P value is:  0.79916887943892
Critical Value of z is:  -2.10092204024096


In [25]:
from scipy.stats import ttest_ind

display(ttest_ind(data['New machine'], data['Old machine'], axis=0, equal_var=True, nan_policy='propagate'))

Ttest_indResult(statistic=-3.3972307061176026, pvalue=0.0032111425007745158)

#### Looking at the t table, we find that the critical value is -1.7341. Our test statistic, -3.4047, is in our rejection region (t < -1.7341), therefore, we reject the null hypothesis. With a significance level of 5%, we reject the null hypothesis and conclude there is enough evidence to suggest that the new machine is faster than the old machine.

# 2.

An additional problem (not mandatory): In this case we can't assume that the population variances are equal. Hence in this case we cannot pool the variances.
   Independent random samples of 17 sophomores and 13 juniors attending a large university yield the following data on grade point averages. Data is provided in the file `student_gpa.txt`.
   At the 5% significance level, do the data provide sufficient evidence to conclude that the mean GPAs of sophomores and juniors at the university differ?
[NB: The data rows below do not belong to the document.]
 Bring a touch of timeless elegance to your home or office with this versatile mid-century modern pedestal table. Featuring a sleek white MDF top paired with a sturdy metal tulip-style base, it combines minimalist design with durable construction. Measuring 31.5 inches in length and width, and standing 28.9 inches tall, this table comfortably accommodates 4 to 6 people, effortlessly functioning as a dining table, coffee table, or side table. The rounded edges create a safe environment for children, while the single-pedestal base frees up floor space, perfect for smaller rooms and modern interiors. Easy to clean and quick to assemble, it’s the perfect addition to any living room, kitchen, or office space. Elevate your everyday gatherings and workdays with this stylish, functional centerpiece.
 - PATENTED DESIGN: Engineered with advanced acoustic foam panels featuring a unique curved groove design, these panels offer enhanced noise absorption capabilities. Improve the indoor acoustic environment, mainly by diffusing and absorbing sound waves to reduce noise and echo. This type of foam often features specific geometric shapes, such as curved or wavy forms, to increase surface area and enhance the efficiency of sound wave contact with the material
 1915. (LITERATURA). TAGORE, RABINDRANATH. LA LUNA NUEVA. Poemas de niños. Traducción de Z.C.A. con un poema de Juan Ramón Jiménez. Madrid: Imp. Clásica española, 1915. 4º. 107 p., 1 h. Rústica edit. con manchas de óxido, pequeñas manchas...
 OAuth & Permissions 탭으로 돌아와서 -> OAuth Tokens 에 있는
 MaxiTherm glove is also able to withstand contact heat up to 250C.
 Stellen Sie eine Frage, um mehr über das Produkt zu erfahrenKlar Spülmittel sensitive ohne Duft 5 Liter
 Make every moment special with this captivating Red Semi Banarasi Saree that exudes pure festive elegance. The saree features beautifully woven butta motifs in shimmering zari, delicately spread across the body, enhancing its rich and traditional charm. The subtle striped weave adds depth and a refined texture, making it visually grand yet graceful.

   Test statistics can be calculated as: [link to the image - Test statistics calculation for Unpooled Variance Case](https://education-team-2020.s3-eu-west-1.amazonaws.com/data-analytics/7.04/7.04-unpooled_variances.png)

   Degrees of freedom is `(n1-1)+(n2-1)`.

In [13]:
sophomores = [3.04, 1.71, 3.3, 2.88, 2.11, 2.6, 2.92, 3.6, 2.28, 2.82, 3.03, 3.13, 2.86, 3.49, 3.11, 2.13, 3.27]
juniors = [2.56, 2.77, 2.7, 3, 2.98, 3.47, 3.26, 3.2, 3.19, 2.65, 3, 3.39, 2.58]

In [18]:
len(sophomores)

17

In [19]:
len(juniors)

13

In [14]:
mean_s = round((sum(sophomores) / len(sophomores)),2)
mean_s

2.84

In [15]:
std_s = round(statistics.stdev(sophomores),2)
std_s

0.52

In [16]:
mean_j = round((sum(juniors) / len(juniors)),2)
mean_j

2.98

In [17]:
std_j = round(statistics.stdev(juniors),2)
std_j

0.31

In [26]:
display(ttest_ind(sophomores, juniors, axis=0, equal_var=True, nan_policy='propagate'))

Ttest_indResult(statistic=-0.864325455323425, pvalue=0.39475359666695975)

In [22]:
n_s = 17
n_j = 13

pooled_sample_std = math.sqrt(((n_s-1)*std_s**2 + (n_j-1)*std_j**2)/(n_s+n_j-2))
statistic = (mean_s-mean_j)/(pooled_sample_std*math.sqrt((1/n_s)+(1/n_j)))
print("T Statistic is: ", statistic)

T Statistic is:  -0.8589504911088421


In [28]:
# Using python to find the p value and critical value
#print("P value is: ", 1- t.cdf(statistic,n_s+n_j-2))
print("Critical Value of z is: ", t.ppf(0.05, n_s+n_j-2)) #alpha is 0.05

Critical Value of z is:  -1.7011309342659315


Since the p-value of 0.39 is larger than 
α
=
0.05
, we fail to reject the null hypothesis.

At 5% level of significance, the data does not provide sufficient evidence that the mean GPAs of sophomores and juniors at the university are different.